As a retirement investment strategy, financial planners recommend that you have a mix of fixed income assets. A wealth manager can help those who aren't financially competent to build a balanced portfolio or optimize their investments.

  1. Tax-free Bonds:Tax saving bonds can help you save taxes. They are also secured and offer liquidity, as they are listed on both the NSE and BSE. These bonds can be stored in physical or demat accounts and earn tax-free interest each year. High net-worth individuals have one of the best options for investing after retirement. These bonds are tax-free . This is a great tax-saving and safe haven option for those who fall below the 30% tax bracket.
  2. Senior Citizens Saving Scheme (SCSS), With fixed and lucrative returns at 8.6% per year, SCSS makes a great retirement investment choice. This scheme is specifically designed for seniors.
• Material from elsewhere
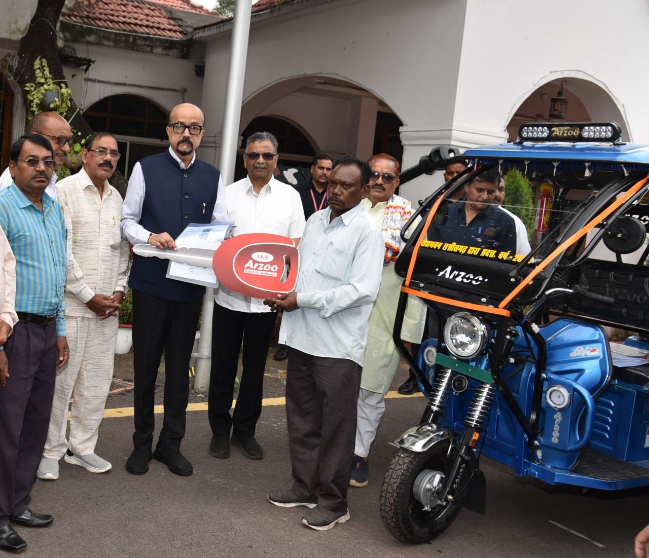 रायपुर: राज्यपाल श्री रमेन डेका ने आज राजभवन में सरस्वती शिक्षा संस्थान छत्तीसगढ़ रायपुर को चार ई-रिक्शे प्रदान किए। उन्होंने राजभवन परिसर में आयोजित कार्यक्रम में अपने स्वेच्छानुदान मद से चार ई-रिक्शे की चाबी वाहन चालकों को सौंपी और हरी झंडी दिखाकर वाहनों को रवाना किया। इन वाहनों का उपयोग विभिन्न सरस्वती शिक्षा संस्थानों में किया जाएगा। इस अवसर पर डॉ. पुर्णेन्द्रु सक्सेना सहित संस्थान के पदाधिकारी उपस्थित थे।

Anyone over 60 years old can purchase this scheme at a bank or postoffice. SCSS is valid for 5 years, but it can be extended up to 3 years after the scheme's maturity. The maximum amount that can be invested in Senior Citizens' Savings Scheme is Rs. 15 lakh, and are eligible for tax benefits under Section 80C. It allows you to withdraw the money for emergencies.
  3. Fixed Deposits at Bank:Bank fixed deposit have been very popular among retired investors due to their higher returns. Banks offer deposits up to 7.25%, while senior citizens can earn up to 7.75% interest on FDs. You can save taxes by investing in a fixed deposit that is tax-saving and lasts five years.
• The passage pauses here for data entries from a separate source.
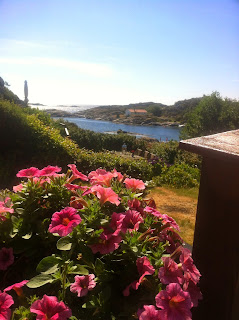 i ferien og. Dette er riktig nok noen dager siden... det har vært så innmari varmt i det siste så kroppen har bedt pent om å slippe:) Kommer sterkere tilbake, prøver jo å holde meg i form.. Bildene du ser her ( siste bilde- begynner litt i feil ende men..) er "inngangsporten" til joggerunden, det er en fin skogsunde som avsluttes med DEN nydelige utsiktet! Herlig for meg som innlandskrabbe ihvertfall ;) Flere som jogger/ trener på ferie ? Fortsatt god sommer:)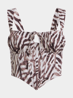 Get ready to turn heads in this animal print top. Featuring woven fabric with a trendy corset design. Style it with it's matching pants, strappy heels & some cute accessories. Your good to go girl!.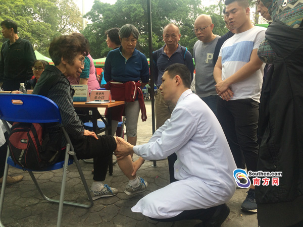 南方网讯(全媒体记者/朱晓枫 通讯员/张秋霞 冯殷)“医生,我长期坐着打麻将,最近觉得左边肩膀疼,怎么办?”市民王先生(化名)得知白云山有义诊,早早地就来到了山顶公园。Beat365中文官方网站第一附属医院针灸科的罗孟西现场进行了仔细的诊治。问诊后,王先生竖起大拇指:“活动真好,不用挤医院,还能看到专家!”

  4. Debt Mutual Funds: While retirees are allowed to invest in equity mutual funds they may be intimidated by the uncertainty in the equity markets. They can still invest in debt mutual fund through the SIP route. A large portion of your fund can be held in debt funds because it has more liquidity and is subject to lower tax rates than fixed deposits at banks.
  5. Nonconvertible debentures (NCDs),NCDs, are instruments that corporates issue to raise funds. They can be used as investment instruments for a particular tenure. It is a fixed income investment and is an excellent option for retirement. NCDs can be traded on stock exchanges. You can earn periodic interest - either monthly, quarterly or annually. At maturity, you will receive the principal amount you invested. Because the interest earned on non-convertible debentures is higher than those from bank FDs or post office savings, they are a great investment option for retirement. You can also sell your listed NCD in the secondary market if you purchase it before maturity. As low as Rs. 10,000 can be used to start investing. You can invest 10,000 in NDCs.

Conclusion:

For your post-retirement life, you should invest a portion the returns of your EPF, PPF, or pension/annuity plans. You don't have to spend all of the money you receive on retirement because you have annuity plans that will pay your pension. The unpredictable nature of life is even more apparent in a world where epidemics and deadly pandemics are becoming the norm. Healthcare, medication, and hospitalization will account for a large portion of your retirement expenses. Make sure you have sufficient health insurance or an emergency fund in place to cover these costs.